19. The appellants however have filed an application for amendment under Order VI Rule 17 of Civil Procedure Code for incorporation of a relief by way of recovery of possession before this Court. 20. Drawing our attention to the said application, Mr. Roy, learned advocate, appearing for the appellants invited us to admit this appeal and send the appeal back on remand to the learned Trial Court after allowing the application for amendment. 21. Here is the case where we find that even in the R.S. record of rights, the names of the defendant were recorded.

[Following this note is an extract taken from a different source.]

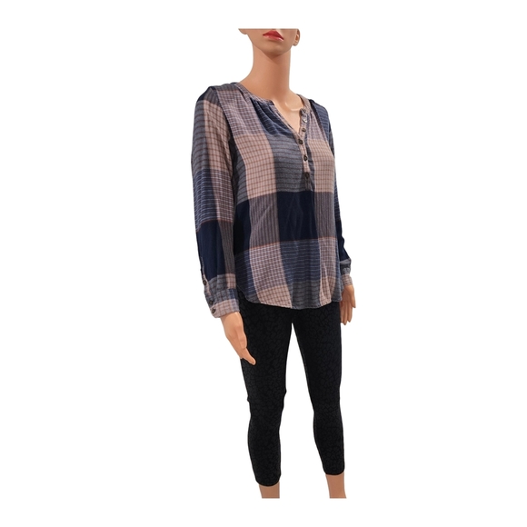 This Universal Thread blouse features a relaxed fit with a stylish mandarin collar and long sleeves, perfect for a casual yet polished look. The gray color adds a versatile touch, making it easy to pair with various outfits. Its buttoned design enhances the overall style, offering both comfort and elegance.
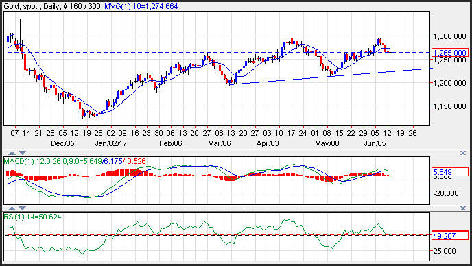 Gold prices rebounded off the lows of the session on Tuesday ahead of the Fed meeting this week. The Fed is widely expected to increase interest rates by 25 basis points, but to point to recent weakness in the retail space. Prices bounced near 1,258, but continue to trade below resistance near the 10-day moving average at 1,274. Support is seen near an upward sloping trend line that comes in near 1,225. Momentum has turned negative as the MACD (moving average convergence divergence) index generated a crossover sell signal. This occurs as the spread (the 12-day exponential moving average minus the 26-day exponential moving average) crosses below the 9-day exponential moving average of the spread.

The R.S. record of rights was finally published in the year 1956. Though the plaintiffs alleged that they were dispossessed by the defendants some time in the year 1992; but still then, no relief for recovery of possession was claimed by them within the period of limitation. 22. Even if we allow the application for amendment permitting the plaintiffs to amend the plaint and thereby a relief for recovery of possession is allowed to be incorporated in the plaint, still then, we are of the view that such relief will be barred by limitation and as such, we do not find any justifiable reason in allowing the application for amendment and sending it back to the learned Trial Court for rehearing. 23. We, thus, do not find involvement of any substantial question of law in this Second Appeal. 24. We, thus, decline to admit this appeal under the provision of Order 41 Rule 11 of the Code of Civil Procedure. 25. The appeal is, thus, dismissed. 26. Since the appeal is dismissed, the applications filed in connection with this appeal are deemed to be disposed of.